"unable to decode an event from the watch stream" during cluster update
General
Escalation
General
Escalation
Description
Hi,
During CW update of operator from 1.16.2 to 1.17.0 with both bundle and separate appliance of crd.yaml, rbac.aml, and operator.yaml the errors are seen in 1.16.2 operator log. Update finishes ok. STR 1 - use bundles:
Update cw-bundle.yaml 1.16.2 with WATCH_NAMESPACE and apply bundle in psmdb-operator namespace
- name: WATCH_NAMESPACE
value: "psmdb"
Start psmdb cluster using 1.16.2 cr.yaml
Update cw-bundle.yaml 1.17.0 with the same WATCH_NAMESPACE and apply cw-bundle.yaml 1.17.0 in psmdb-operator namespace.
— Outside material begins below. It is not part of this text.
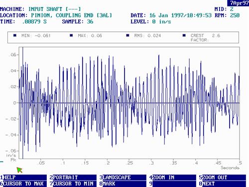 時域信號的同步平均已經存在了很長時間,但在我看來,還沒有被用于機器問題診斷。無論如何,我們決定對變速箱振動特征進行同步平均。這涉及在振動分析儀中使用轉速計衍生的同步觸發器來收集一起平均的一系列波形樣本。其中重要的部分是每個時間記錄的開始必須在所討論的齒輪的旋轉中完全同時發生。
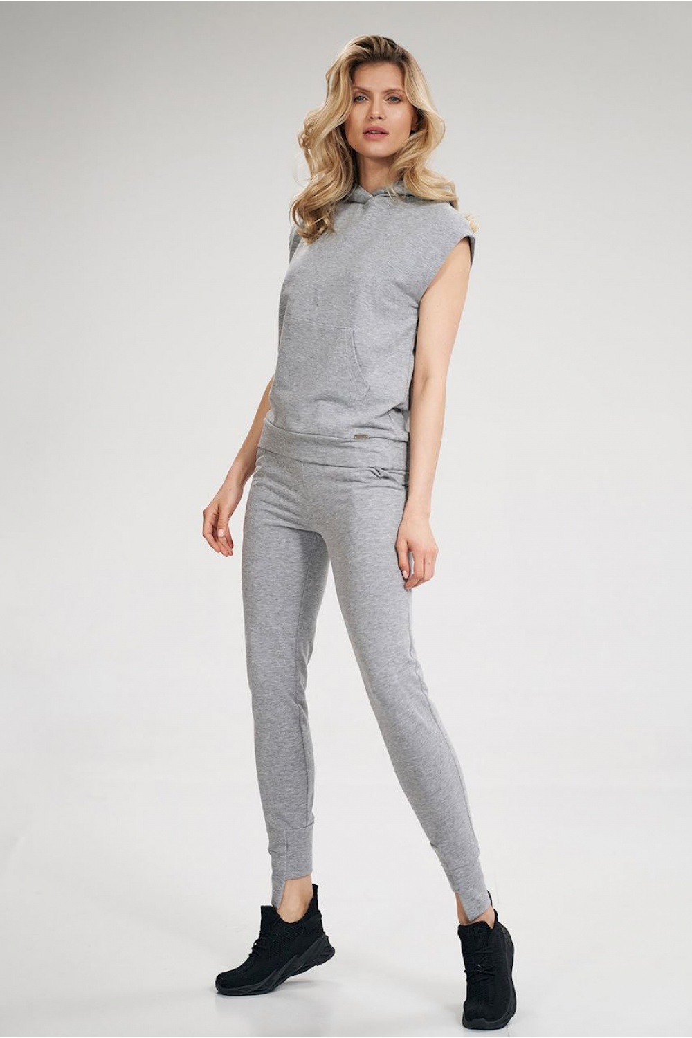 Katoenen joggingbroek met asymmetrische ribbels onderaan de pijpen. Met zakken, brede elastische band in de taille.

The 1.16.2 Operator POD log contains these errors during shutdown:
2024-09-05T19:49:39.669Z INFO added to shard {"controller": "psmdb-controller", "object": {"name":"my-cluster-name","namespace":"psmdb2"}, "namespace": "psmdb2", "name": "my-cluster-name", "reconcileID": "6f394093-4e1d-47cc-94ec-160c03c595b0", "rs": "rs0"}
^[[B^[[B^[[B2024-09-05T19:55:57.521Z INFO Stopping and waiting for non leader election runnables
2024-09-05T19:55:57.521Z INFO Stopping and waiting for leader election runnables
2024-09-05T19:55:57.521Z INFO Shutdown signal received, waiting for all workers to finish {"controller": "psmdbbackup-controller"}
2024-09-05T19:55:57.521Z INFO Shutdown signal received, waiting for all workers to finish {"controller": "psmdbrestore-controller"}
2024-09-05T19:55:57.521Z INFO Shutdown signal received, waiting for all workers to finish {"controller": "psmdb-controller"}
2024-09-05T19:55:57.521Z INFO All workers finished {"controller": "psmdbbackup-controller"}
2024-09-05T19:55:57.521Z INFO All workers finished {"controller": "psmdb-controller"}
2024-09-05T19:55:57.521Z INFO All workers finished {"controller": "psmdbrestore-controller"}
2024-09-05T19:55:57.521Z INFO Stopping and waiting for caches
W0905 19:55:57.522159 1 reflector.go:470] pkg/mod/k8s.io/client-go@v0.30.0/tools/cache/reflector.go:232: watch of *v1.PerconaServerMongoDB ended with: an error on the server ("unable to decode an event from the watch stream: context canceled") has prevented the request from succeeding
2024-09-05T19:55:57.522Z INFO Stopping and waiting for webhooks
2024-09-05T19:55:57.522Z INFO Stopping and waiting for HTTP servers
W0905 19:55:57.522364 1 reflector.go:470] pkg/mod/k8s.io/client-go@v0.30.0/tools/cache/reflector.go:232: watch of *v1.PerconaServerMongoDBBackup ended with: an error on the server ("unable to decode an event from the watch stream: context canceled") has prevented the request from succeeding
2024-09-05T19:55:57.522Z INFO controller-runtime.metrics Shutting down metrics server with timeout of 1 minute
2024-09-05T19:55:57.522Z INFO shutting down server {"name": "health probe", "addr": "[::]:8081"}
2024-09-05T19:55:57.522Z INFO Wait completed, proceeding to shutdown the manager
1.17.0 log looks okey:
% k logs -f percona-server-mongodb-operator-59b4bccf5f-b5hrr
2024-09-05T19:55:56.570Z INFO setup Manager starting up {"gitCommit": "5019408f1fe40483fc5effaf61ab3f672765b189", "gitBranch": "release-1-17-0", "goVersion": "go1.22.6", "os": "linux", "arch": "amd64"}
2024-09-05T19:55:56.602Z INFO server version {"platform": "kubernetes", "version": "v1.29.7-gke.1104000"}
2024-09-05T19:55:56.613Z INFO starting server {"name": "health probe", "addr": "[::]:8081"}
2024-09-05T19:55:56.613Z INFO controller-runtime.metrics Starting metrics server
I0905 19:55:56.613552 1 leaderelection.go:250] attempting to acquire leader lease psmdb-operator2/08db0feb.percona.com...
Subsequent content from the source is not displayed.